The Extraordinary Science of Addictive Junk Food
A lengthy article on how some junk foods are intentionally created to be addictive to the brain.
The best part is actually halfway down the page, under these headings:
In This Article:
In This Field, Im a Game Changer.
Lunchtime Is All Yours
Its Called Vanishing Caloric Density.
These People Need a Lot of Things, but They Dont Need a Coke.
http://www.nytimes.com/2013/02/24/magazine/the-extraordinary-science-of-junk-food.html?pagewanted=all&_r=1&
CrispyQ
(36,482 posts)The attitude of the General Mills CEO,
dixiegrrrrl
(60,010 posts)which is a shame, I am concerned that people will wade thru the first few paragraphs and give up.

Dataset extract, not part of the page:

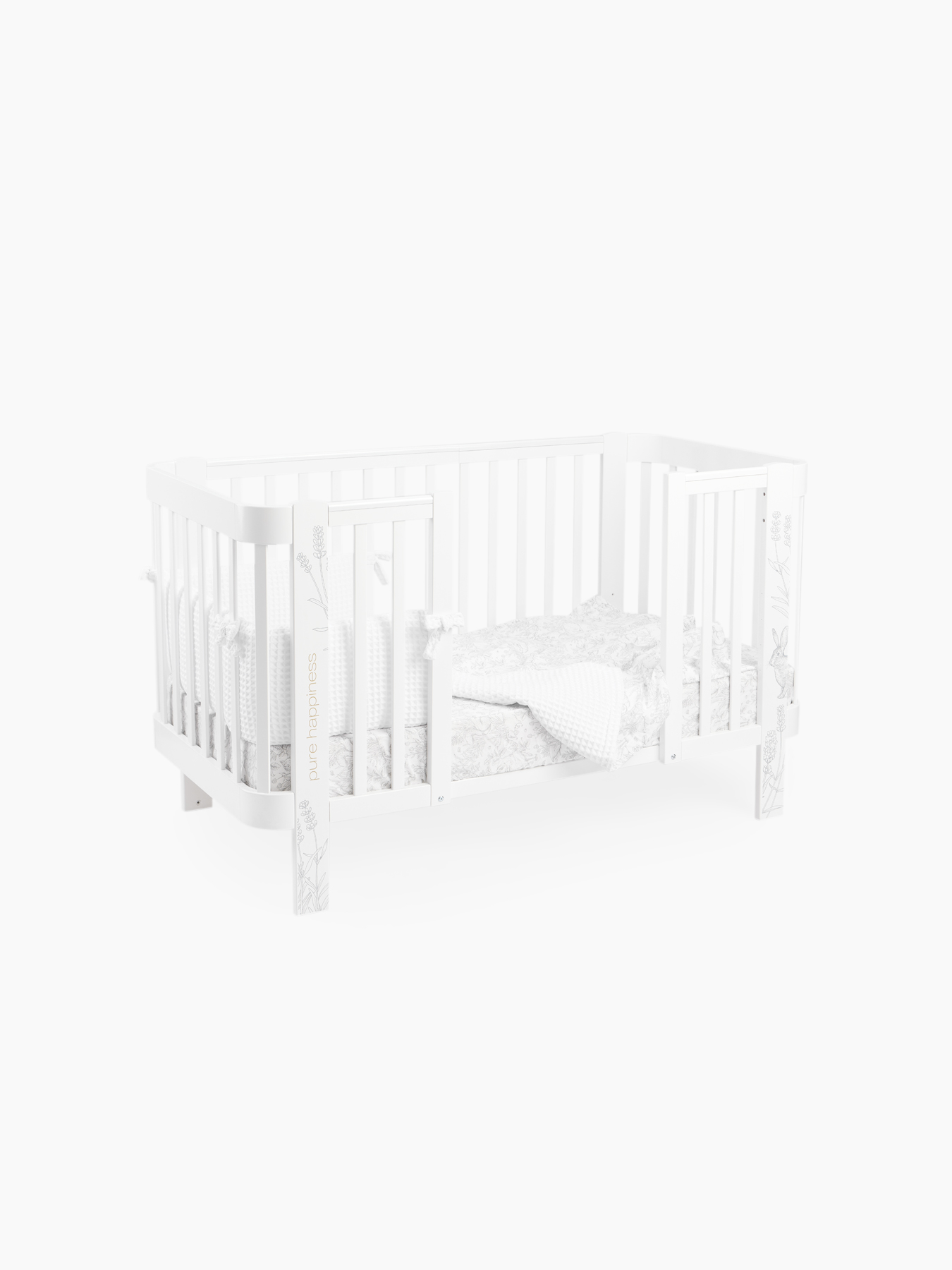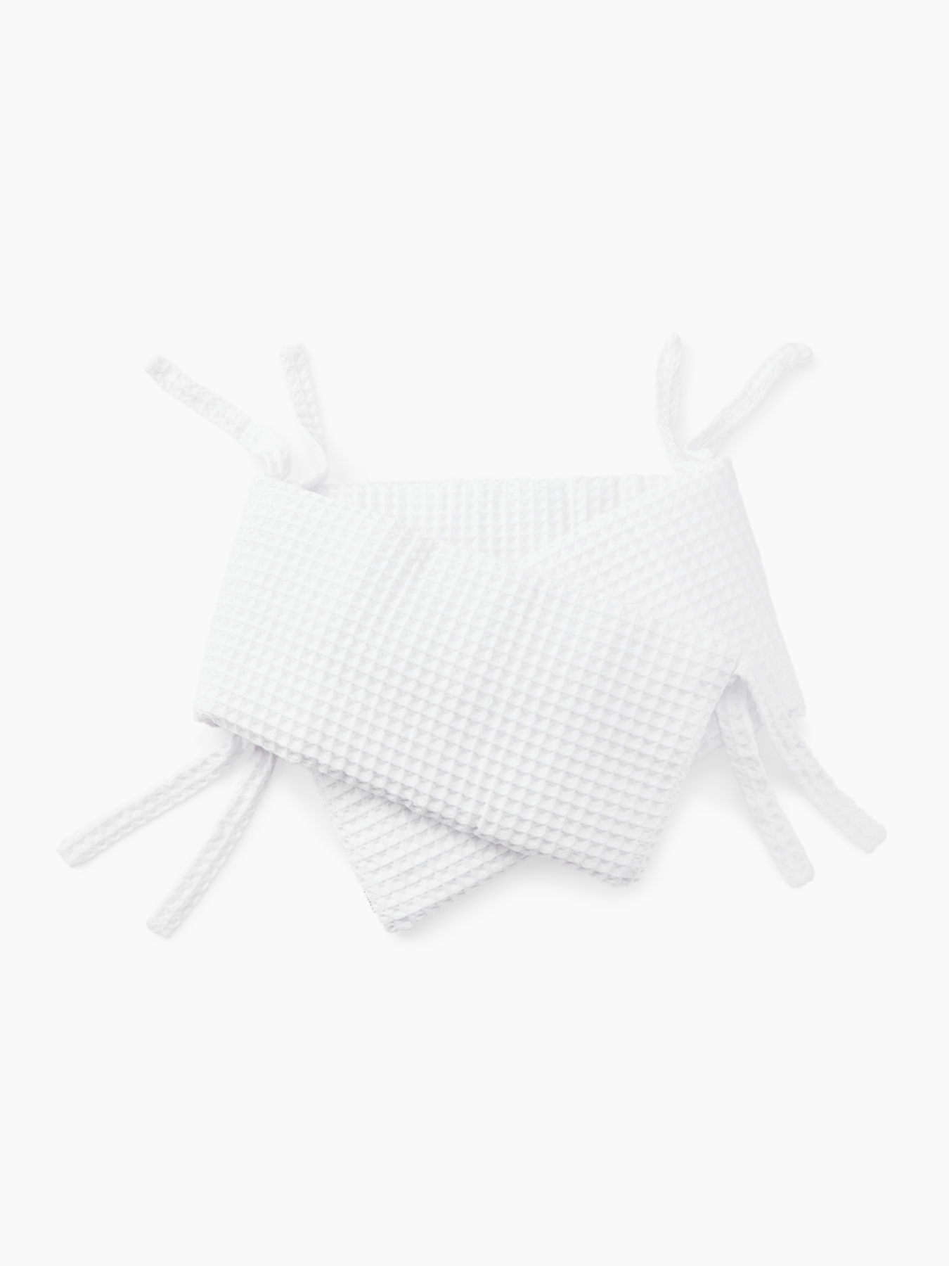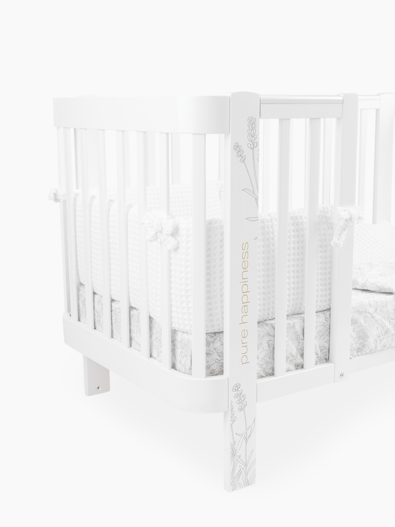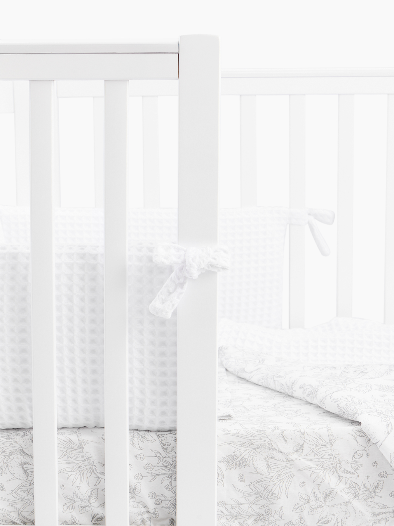 The side of the crib is necessary for the safety and comfort of the baby. We have created a soft and light side with a safe, dense filling to protect the baby from injuries, bruises and getting stuck in partitions. Made from 100% cotton. The natural material is hygroscopic, does not heat up in hot weather and retains heat in cold weather. Filling – 100% polyester – flexible, elastic, breathable and washable. The side is securely attached to the walls using ties.

I am saving the writer's name, he seems to be focused on food articles.
CrispyQ
(36,482 posts)Also, there's this. Back when Fast Food Nation came out, a co-worker told me, "If it's going to make me feel guilty about what I eat, then I won't read it." I think that is true for many Americans. To a degree, that CEO was right when he said:
pink-o
(4,056 posts)creepiest part for me was this:
Frito-Lay had a fromidable research complex near Dallas, where nearly 500 chemists, psychologists and technicians conducted research that cost up to $30 million a year...
Their tools included a $40,000 device that simulated a ***chewing mouth*** to test and perfect the chips, discovering things like the perfect break point: people like a chip that snaps with about 4 lbs of pressure per square inch...
that just weirds me out! And it shows how cutthroat these processed food companies are in getting people addicted to their nutritionally void products. It really is like the Tobacco industry, profiting from poison.
dixiegrrrrl
(60,010 posts)One of those survival jobs we all take.
So I had access to a LOT of food surveys, marketing etc.
Let me tell you, marketers take even the teeniest detail very very very seriously.
If Congress spent 1/10 of the focus on the budget or problems that marketers spend on Kool Whip......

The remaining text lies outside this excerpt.